Anyone interested in beta testing/integration?


Lets say I have a bookmark file which contain list of urls. It is associated with one user account. Its likely associated with one person but I cannot identify that person. There is no other information associated with the user account. Is the bookmark file personal data ?


I would go with "better safe than sorry" if I had to manage this sort of data. It might be fine so long as the URLs are all non-identifying stuff like the Wikipedia home page. But I bet I would have users with much more revealing bookmarks, like, say, their Keybase profile page, or URLs with session/auth tokens in query strings, or the home page of their church which has a congregation of less than 50 people.


Another way to phrase this question is “what use is the bookmark file without a user to use it?”

I don’t think there’s anything wrong with storing anonymous data: a log of bookmarked urls for instance. So long as there’s no way to trace back who they belong to if that person wants to be forgotten.


In general, it's probably even sensitive personal data. A list of URLs can potentially identify a person's religious beliefs, sexual orientation, political views etc.


> A list of URLs can potentially identify a person's religious beliefs, sexual orientation, political views etc.

But can he be identified ? I believe if its too difficult to identify using even "religious beliefs, sexual orientation, political views etc" then its not personal data. Though I cant seem to find link to the page where I read it.

On similar note, even IP _alone_ appears to be non personal data if since it cannot identify a person [1].

From Case 582/14 – Patrick Breyer v Germany [2]

On appeal, the Regional Court of Berlin (the "Kammergericht") ruled that IP addresses in the hands of website operators could qualify as personal data if the relevant individual provides additional details to the website operator (e.g., name, email address, etc.) in the course of using the website.

Lol even German Govt cant seem to figure out its own laws. They should have gone to one of those consultants.

[1] https://www.gdpreu.org/the-regulation/key-concepts/personal-...

[2] https://www.whitecase.com/publications/alert/court-confirms-...


Few questions:

"Forget me" - What is personal information? Say I have a table with user_id and username, and an order table with user_id, order_id and other other stuff. If the user request a 'forget me', what do I delete? Blank the username? Delete the user_id row? Delete all orders belonging to the user (how would I report these gaps to tax agencies)? Delete the user from my trained ML model (is that even possible?).
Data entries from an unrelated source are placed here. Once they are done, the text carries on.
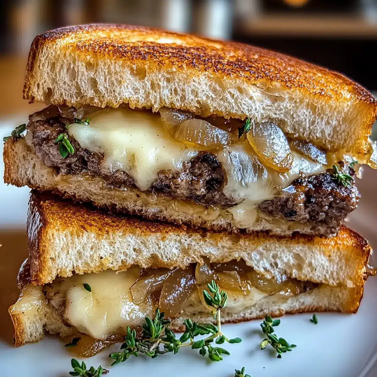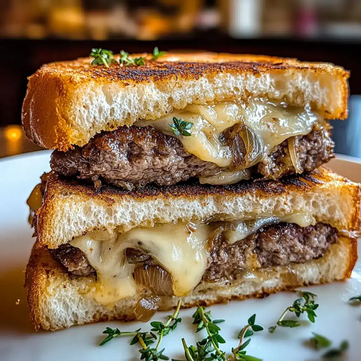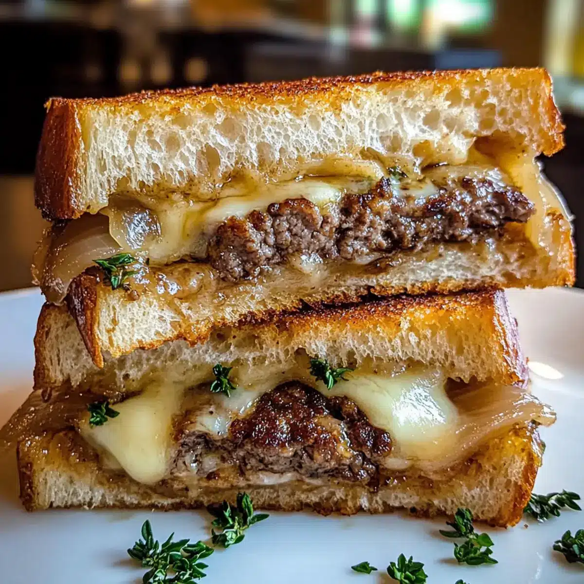 Savory Patty Melt on Garlic Herb Toasted Sourdough Delight
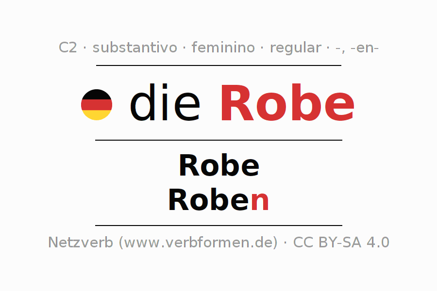 Declinação de Robe é apresentada em uma tabela com todas as formas no singular e no plural (plural) e em todos os quatro casos: nominativo (1º caso), genitivo (2º caso), dativo (3º caso) e acusativo (4º caso) . Especialmente para os alunos de alemão, a correta declinação da palavra Robe é fundamental.
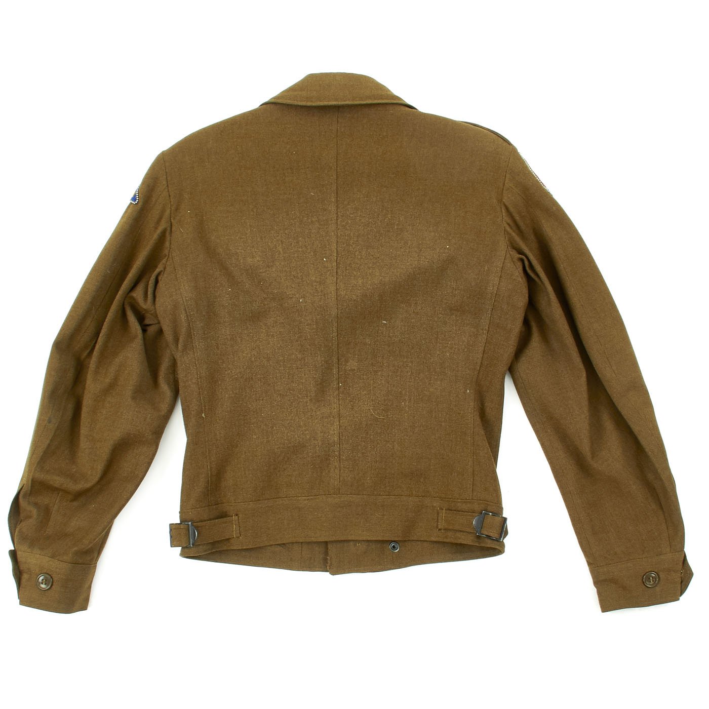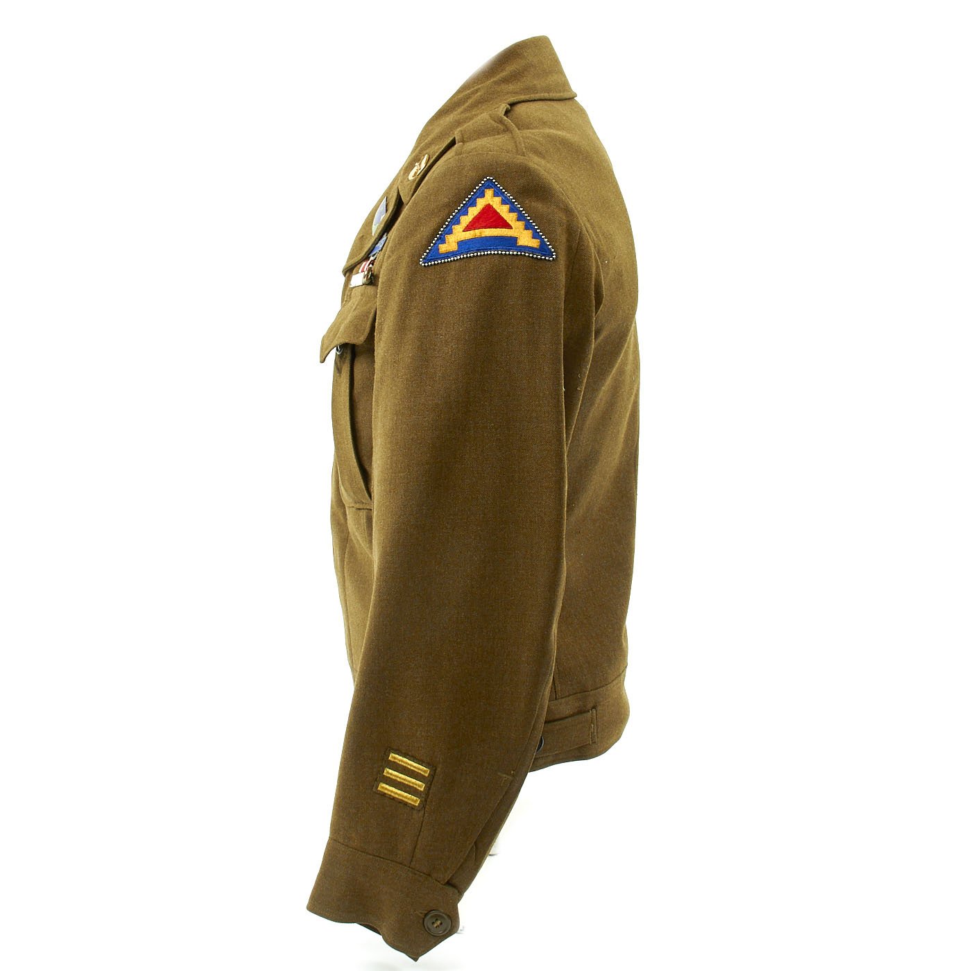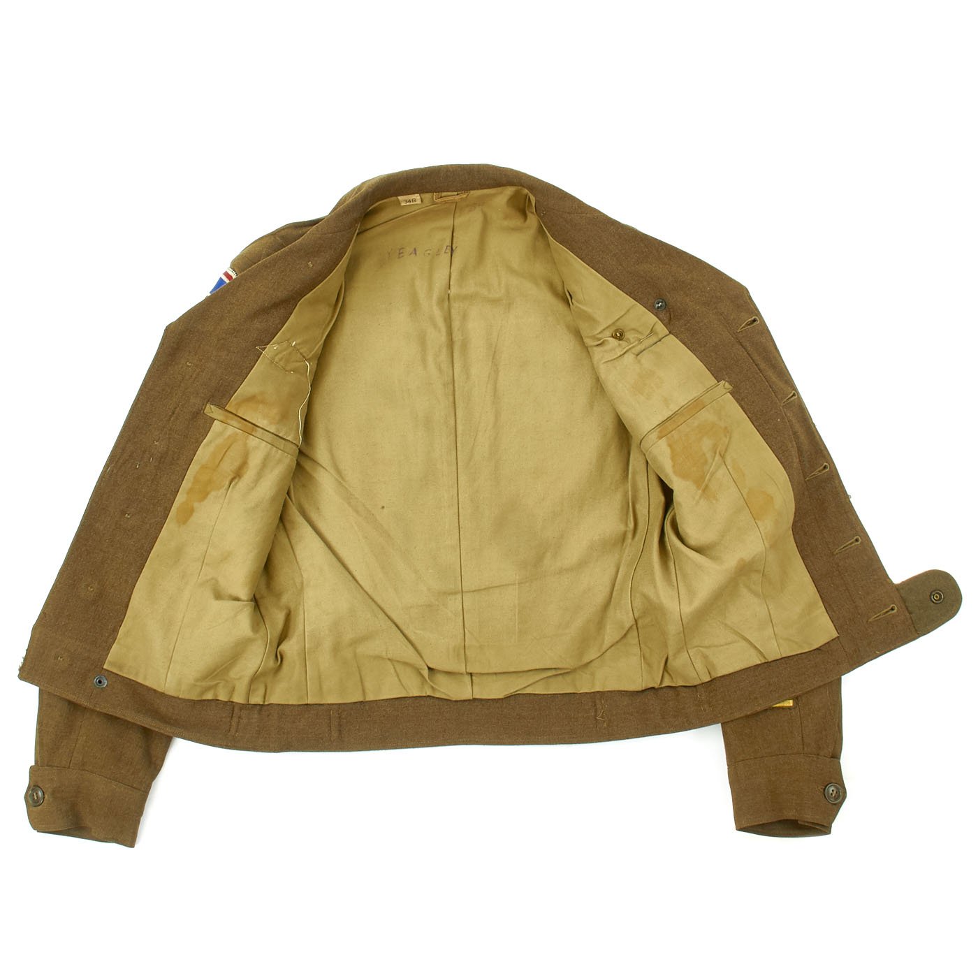 - WWII Ike jacket with dog tag chain border Seventh United States Army insignia patch to left shoulder, dog tag chain border 69th infantry division insignia patch to right shoulder, enamel distinctive unit insignia lapel pins, unique Combat Infantryman Sterling Badge with 69th ID enamel insignia to center. Medal ribbons: Army Good Conduct Medal, American Campaign Medal, World War Two Victory Medal, European-Africa-Middle Eastern Campaign Medal with two campaign stars. Ruptured duck patch and 3 overseas service bars on left shelve for 18+ months served overseas. Jacket is size 34R and named YEAGLEY in ink cross the interior lining by the neck.

"Consent checkboxes" - To what extent can users be forced to give consent or be denied from a service? Like the Cookie law, almost every website requires you to accept the fact that cookies are used, otherwise your experience is degraded (eg. you cannot watch news videos). Or say I want to order something from a webshop, and in order to place an order, I must consent with sharing my personal information with third parties for marketing purposes, else I cannot place the order. Do I have to call them out later? How is this law going to solve things if it prevents me from using things?

"Export data" / "See all my data" - What is 'all my data' here? Is in information I entered when I signed up for a service? Is it information derived from this data (eg. my google search suggestions/ads profile)?
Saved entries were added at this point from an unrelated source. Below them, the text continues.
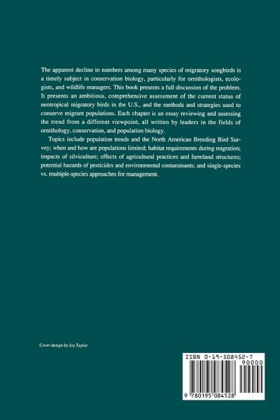 The apparent decline in numbers among many species of migratory songbirds is a timely subject in conservation biology, particularly for ornithologists, ecologists, and wildlife managers. This book is an attempt to discuss the problem in full scope.
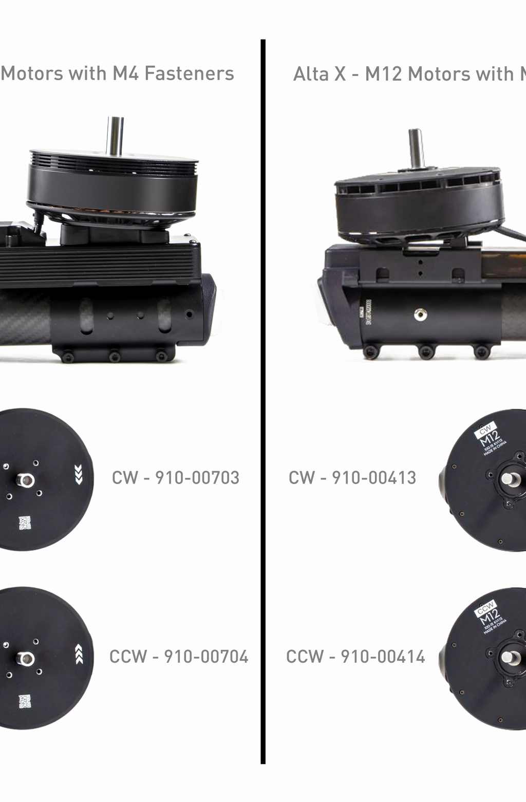 Freefly Alta X motors with CCW rotation on boom 1 or boom 3 that use M4 fasteners at the prop hub.
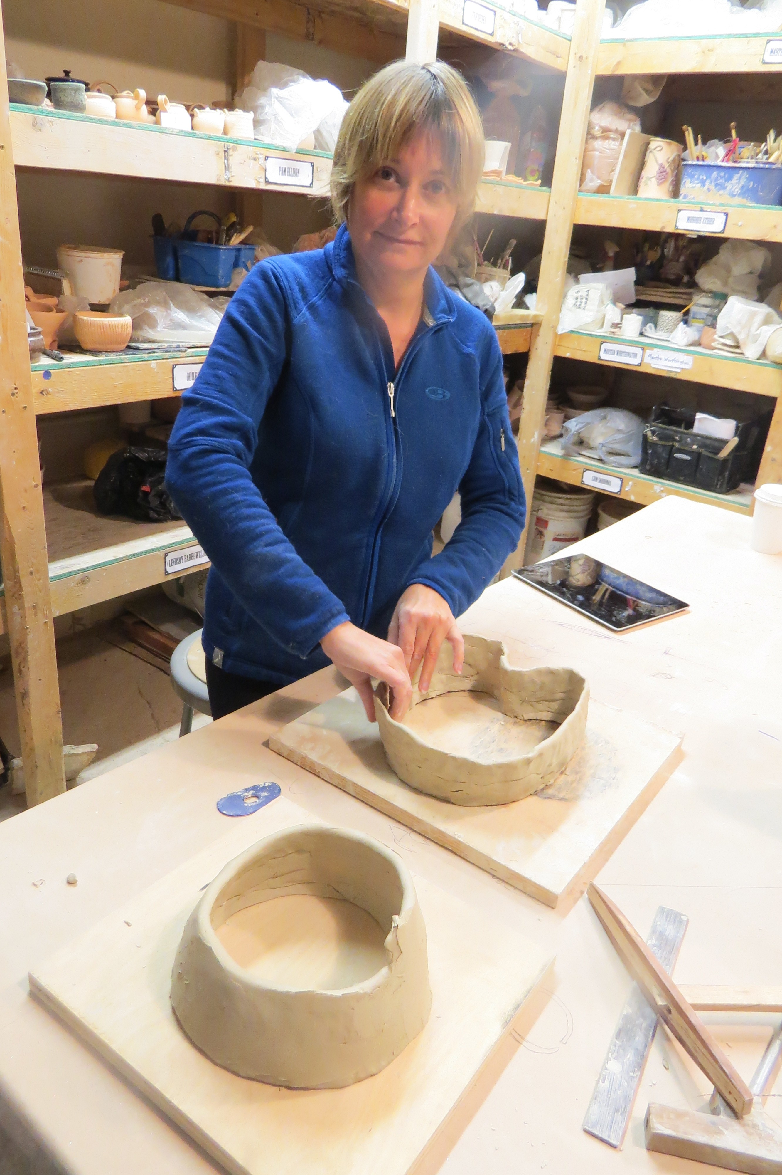 Después de la demostración el día de la Caminata de Arte decidí tomar una clase de cerámica. ¿No sería más divertido trabajar con las manos y crear algo tangible que pasarme el día aposentada ante la pantalla de la computadora? Valía la pena averiguarlo.
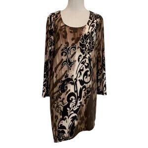 Chicos Travelers Asymmetrical Tunic Size 1 (Medium) Sierra Animal Shine Top
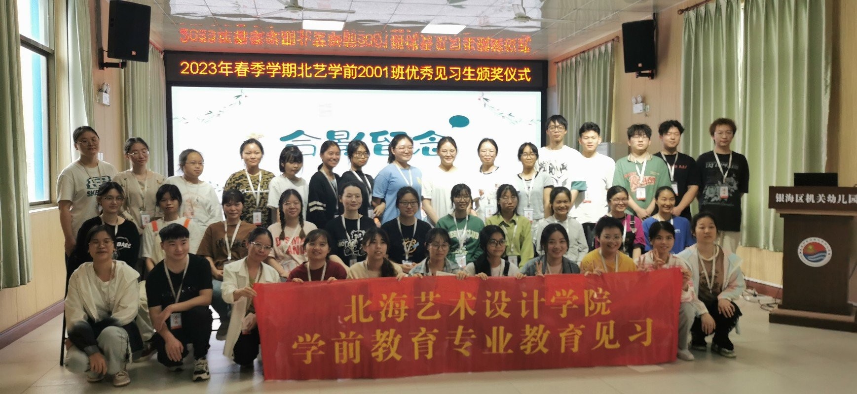 为加强学前教育大三学生综合实践运用能力,人文教育学院学前教育专业于2023年4月17日至28日组织2001、2002、2003班的全体同学分别到银海区机关幼儿园、银海区第二幼儿园、海城区第一幼儿园进行为期两周的教育见习。

"Don’t assume 3rd parties are compliant" - if I, the data collector, gets fined because a 3rd party, data processor, is not compliant, can I retrieve part of the losses from the data processor? I mean, OpenID allows sharing a lot of personal information from data collectors like Facebook and Google with almost any random site. What can I expect here?

"Consent checkboxes – “I accept the terms and conditions” would no longer be sufficient to claim that the user has given their consent for processing their data." - So if I, as a user, don't give any explicit consent to any personal information sharing, and in May I receive a marketing email from a party I don't have an account with (because they sold my personal information prior to this), I could say they broke the GDPR law?

"Keeping data for no longer than necessary" - My tax agency requires me to keep records of orders/sales/invoices up to 5 years ago. If a user requests deleting their personal information within that time period, what should I do?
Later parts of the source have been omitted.